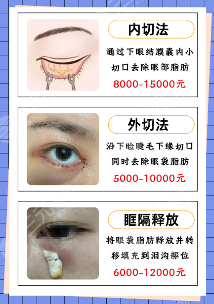 | 眶隔脂肪釋放術(shù)(去眼袋 + 填淚溝) | 8000-12000 | 術(shù)前檢查、局部麻醉、脂肪重置、縫合、術(shù)后護(hù)理 | 眼袋明顯 + 淚溝凹陷、不想額外填玻尿酸的人群 |
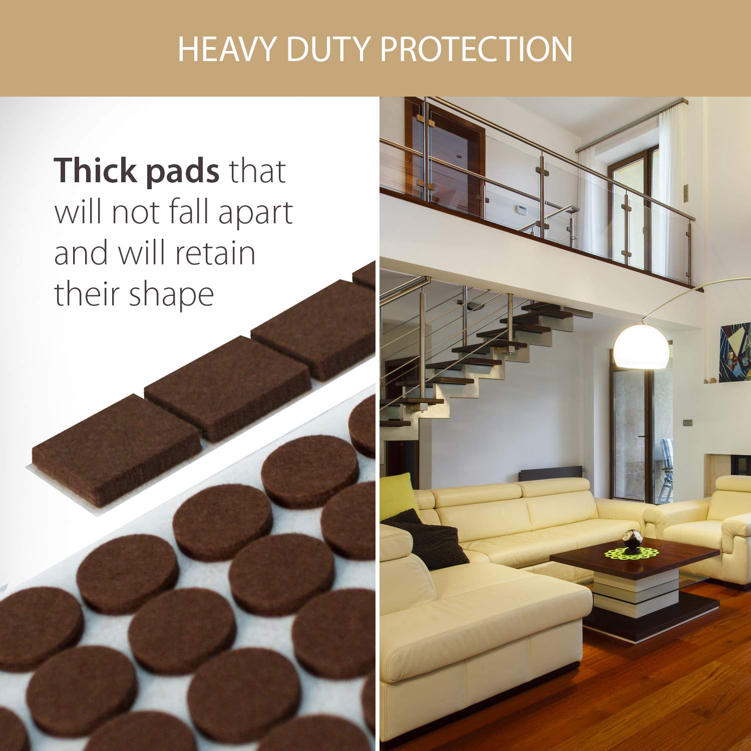 - Strong 3M Adhesive that Keeps Pads in Place – rest assured that our chair floor protectors will provide long term protection for your floors. These foam pads stay on your furniture and prevent scratching on your floors
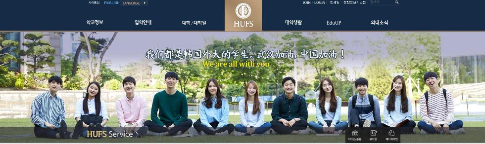 海外網發現,該標語出現在韓國外大官網首屏位置,背景是11名坐在草地上微笑的學生。標語用醒目的中文寫道,“我們都是韓國外大的學生。武漢加油,中國加油!”下方,是一句表達支持的英文“We are all with you”。
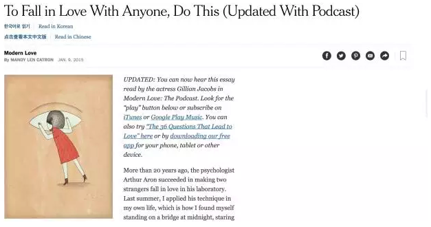 实际上真正让这个36个问题的实验在网上火起来,正是得力于一位名叫Mandy Len Catron的作家2015年在《纽约时报》上用文字和播客的形式分享了她因为这个实验而和一位陌生人相爱的故事(播客的链接和中文文字版在我们微博Owl_in_Owl可以找到 )。
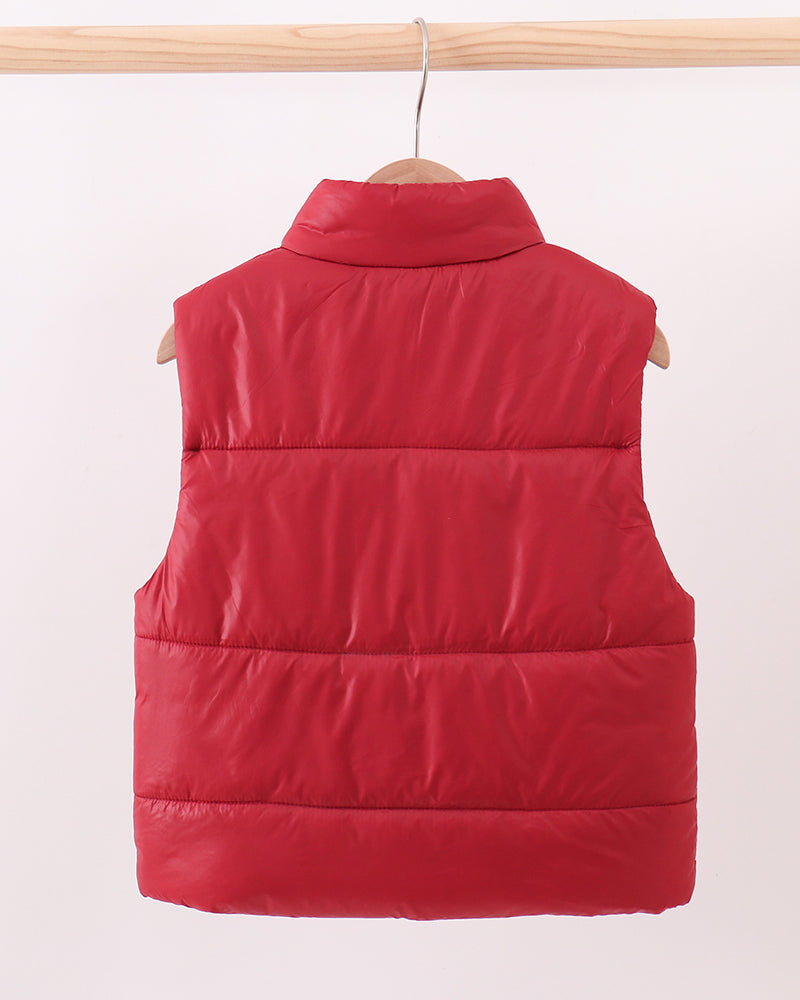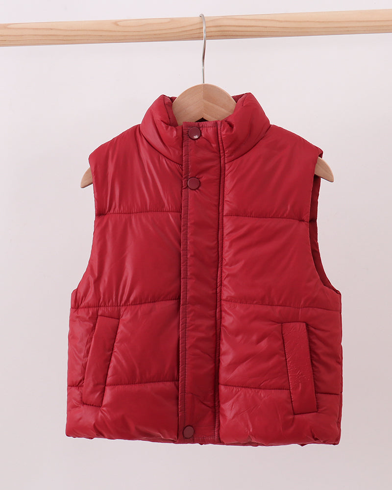 Designed in a rich crimson hue, each vest features a stand collar, smooth front closure, and practical side pockets for everyday convenience. Wear them over sweaters, flannels, or long sleeves for effortlessly cute cold-weather outfits.
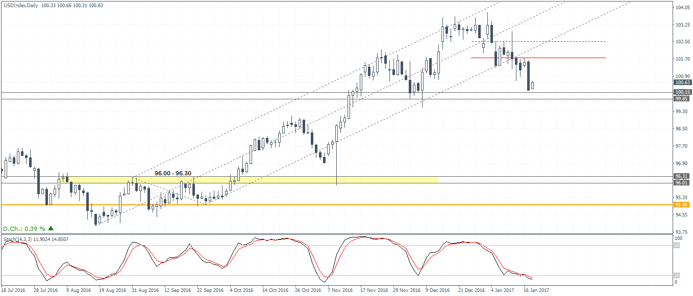 His comments sent the greenback into a tailspin while media working overtime, calling it a change in the nearly two-decade policy led by the Clinton administration of favoring a stronger currency. The US Dollar was showing signs of exhaustion to the nearly two straight months of the rally which sent the dollar index surging past the 100.00 psychological level which it failed to break last year to eventually rise to a 14-month high before turning flat.
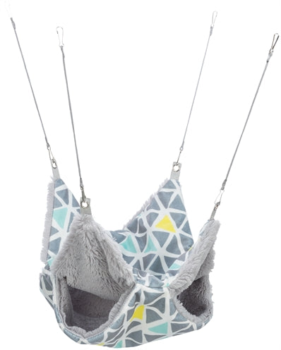 De Trixie Hangmat Sunny Met 2 Verdiepingen Voor Grote Hamsters En Degoes Pluche 30X30 cm is een slaapplekje voor grote hamsters en degoes om op te hangen in de kooi. Dit vrolijke holletje zal de favoriete slaapplek zijn van jouw grote hamster of degoe. Hang deze hangmat op in de kooi aan de haakjes op een plek waar jouw kleine vriendje de ingang makkelijk kan bereiken. Het vrolijke printje en zachte pluche maken het helemaal af.
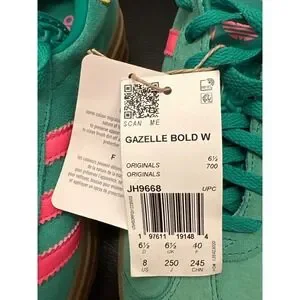 Step into vibrant style with these eye-catching Adidas Gazelle Bold W platform sneakers. Experience the playful fusion of a classic silhouette with a modern, chunky sole that elevates your look and your comfort. The lush green suede is beautifully accented by bold pink stripes and a cheerful yellow heel, creating a color combination that pops with personality. The platform design offers a fashionable lift, perfect for adding an edge to your everyday outfits or making a statement at casual gatherings. Pair them with jeans for a cool street style vibe or a sundress for a fun, retro-inspired ensemble.

◇ ◇ ◇ ◇ ◇ ◇ ◇

TRY IT:
Every line from the top of the records above to the line with "De Trixie Hangmat", inclusive, should be duplicated exactly, minus the pictures.

RESULT OF THIS TASK:
 | 眶隔脂肪釋放術(shù)(去眼袋 + 填淚溝) | 8000-12000 | 術(shù)前檢查、局部麻醉、脂肪重置、縫合、術(shù)后護(hù)理 | 眼袋明顯 + 淚溝凹陷、不想額外填玻尿酸的人群 |
 - Strong 3M Adhesive that Keeps Pads in Place – rest assured that our chair floor protectors will provide long term protection for your floors. These foam pads stay on your furniture and prevent scratching on your floors
 海外網發現,該標語出現在韓國外大官網首屏位置,背景是11名坐在草地上微笑的學生。標語用醒目的中文寫道,“我們都是韓國外大的學生。武漢加油,中國加油!”下方,是一句表達支持的英文“We are all with you”。
 实际上真正让这个36个问题的实验在网上火起来,正是得力于一位名叫Mandy Len Catron的作家2015年在《纽约时报》上用文字和播客的形式分享了她因为这个实验而和一位陌生人相爱的故事(播客的链接和中文文字版在我们微博Owl_in_Owl可以找到 )。
 Designed in a rich crimson hue, each vest features a stand collar, smooth front closure, and practical side pockets for everyday convenience. Wear them over sweaters, flannels, or long sleeves for effortlessly cute cold-weather outfits.
 His comments sent the greenback into a tailspin while media working overtime, calling it a change in the nearly two-decade policy led by the Clinton administration of favoring a stronger currency. The US Dollar was showing signs of exhaustion to the nearly two straight months of the rally which sent the dollar index surging past the 100.00 psychological level which it failed to break last year to eventually rise to a 14-month high before turning flat.
 De Trixie Hangmat Sunny Met 2 Verdiepingen Voor Grote Hamsters En Degoes Pluche 30X30 cm is een slaapplekje voor grote hamsters en degoes om op te hangen in de kooi. Dit vrolijke holletje zal de favoriete slaapplek zijn van jouw grote hamster of degoe. Hang deze hangmat op in de kooi aan de haakjes op een plek waar jouw kleine vriendje de ingang makkelijk kan bereiken. Het vrolijke printje en zachte pluche maken het helemaal af.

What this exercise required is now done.